First-Order Logic is Undecidable

Sketch of One Possible Proof

Idea: we know that halting problem is undecidable.

We show that, if there were a terminating algorithm for checking validity of first-order logic formulas, then we could solve the halting problem.

Given a Turing machine description $M$ and an input $w$ , we given an algorithm for constructing a formula $F$ in first-order logic such that

if $F$ is valid, then $M$ accepts $w$
if $M$ accepts $w$ , then $F$ is valid

Standard approach: $M$ accepts $w$ iff there exists a sequence of configurations from the initial state to final state.

Encode existence of accepting configuration as formula validity.

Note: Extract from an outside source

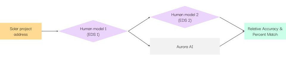 The first approach, called “Relative Accuracy,” measures the total number of panels that can fit on a roof as generated by Aurora AI and as drawn by a human designer. Then the two sets of panel counts are compared to the original design. This method was introduced in response to customer feedback, asking for real-world measurements. The closer the AI-generated design and the human-drawn design panel counts were, the better Aurora AI was considered to perform.

Technical difficulty: no simple way to express sequences, reachability, or finiteness in first order logic.

Note the following equivalent statements of our target condition:

( $F$ is valid) iff ( $M$ accepts $w$ )

(( $\lnot F$ ) is unsatisfiable) iff ( $M$ accepts $w$ )

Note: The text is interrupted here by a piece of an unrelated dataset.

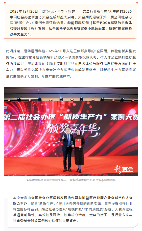 至臻服务问鼎金奖!太阳成tyc122cc斩获第二届全国社会办医“新质生产力”案例大赛金奖

(( $\lnot F$ ) is satisfiable) iff ( $M$ does not accept $w$ )

(( $\lnot F$ ) is true in some Herbrand model) iff ( $M$ does not accept $w$ )

So, we work with formula $G$ denoting $\lnot F$ , interpreted over Herbrand model, and we express the condition that all Turing machine computation histories are non-accepting. In other words, $F$ , when interpreted over Herbrand interpretations, says that there exists an accepting Turing computation history.

The fact that we work over Herbrand models helps us talk about computation histories, because we can encode strings and reachability.